Brigadier General Irvin McDowell's (North) plan was a good one. On the morning of Sunday, July 21, 1861, he set in motion a scheme that, with one more hour of speed or one more drilled division, might have won the war that summer. It was a smart plan handed to an army that could not yet walk in a straight line.
A Civil War army was built in nested layers: a regiment (roughly a thousand men) was the basic unit; a few regiments made a brigade (a few thousand); a few brigades made a division (bigger still). Generals moved these pieces around like a stack of blocks. Two more plain words are worth keeping handy: infantry are soldiers who fight on foot; cavalry are soldiers who fight on horseback. That is the whole vocabulary you need for the day.
Morning, July 21
The plan had two parts, the way a good boxing combination does. The first part was a feint, a fake attack meant to grab the enemy's attention and hold it in the wrong place. McDowell sent a division under Brigadier General Daniel Tyler (North), one of his division commanders, to make a loud demonstration at the Stone Bridge, where the main east-west road, called the Warrenton Turnpike, crossed Bull Run. Lots of noise, lots of cannon fire, the look of a serious assault, all designed to convince Beauregard that the real blow was coming there, at his right and center.
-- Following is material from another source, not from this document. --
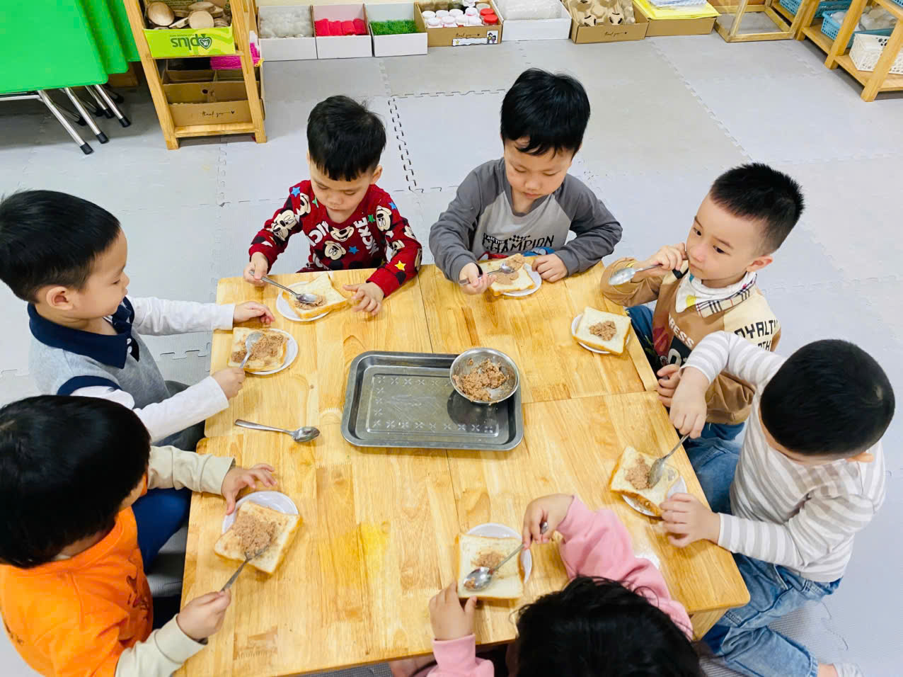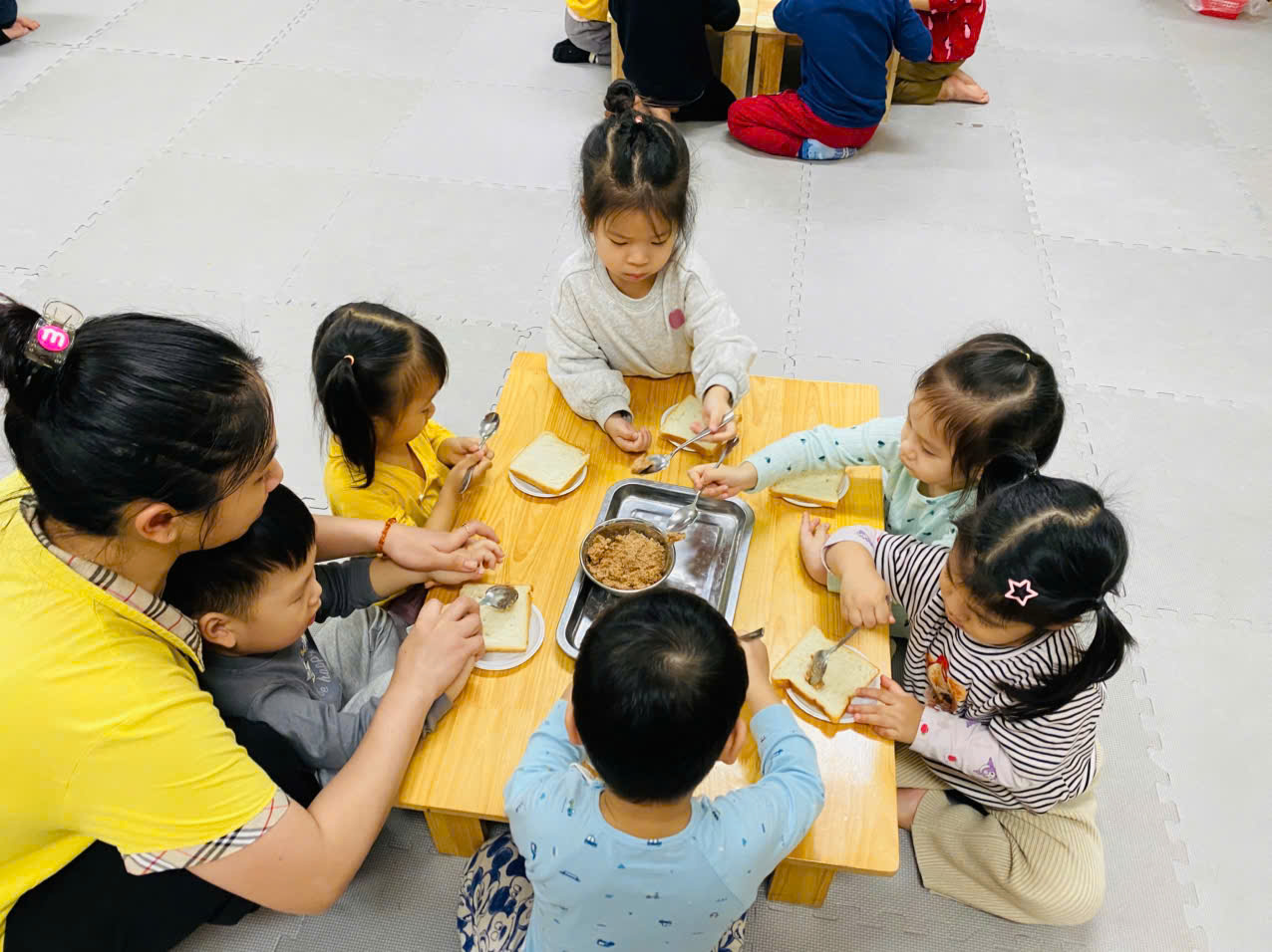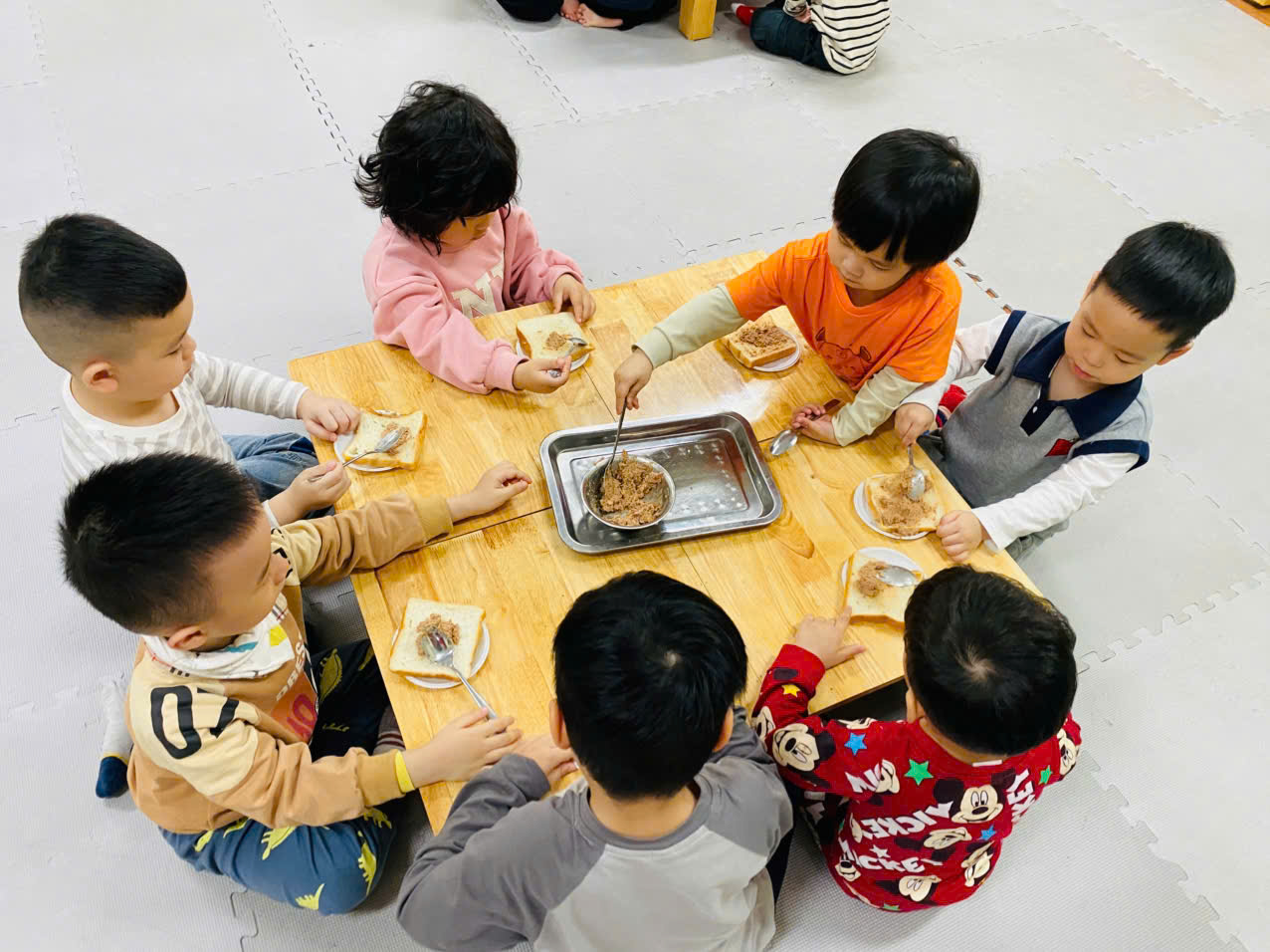 Tiếp đến là hoạt động " Bé tập làm nội trợ: Bánh mỳ kẹp pate" để góp thêm trong bữa tiệc liên hoan nhân ngày 8/3.

It was not. While Tyler hammered at the Stone Bridge, the bulk of McDowell's army, two divisions under Colonel David Hunter (North) and Colonel Samuel Heintzelman (North), two more of his division commanders, was swinging in a wide arc to the north and west to hit the Confederate flank, the exposed end of an army's line where it can be rolled up sideways like a rug. To get there they had to cross Bull Run at a ford, a shallow spot where a stream can be waded rather than bridged. The ford they aimed for was Sudley Springs Ford, about 3 miles (4.8 km) north of the Stone Bridge, well past the end of the Confederate line, so the Union flanking column could cross unopposed, then turn south and come crashing down on the rebel left from a direction Beauregard was not watching. Smash the flank, roll up the line, and cut Beauregard off from Manassas Junction behind him. On paper it was beautiful.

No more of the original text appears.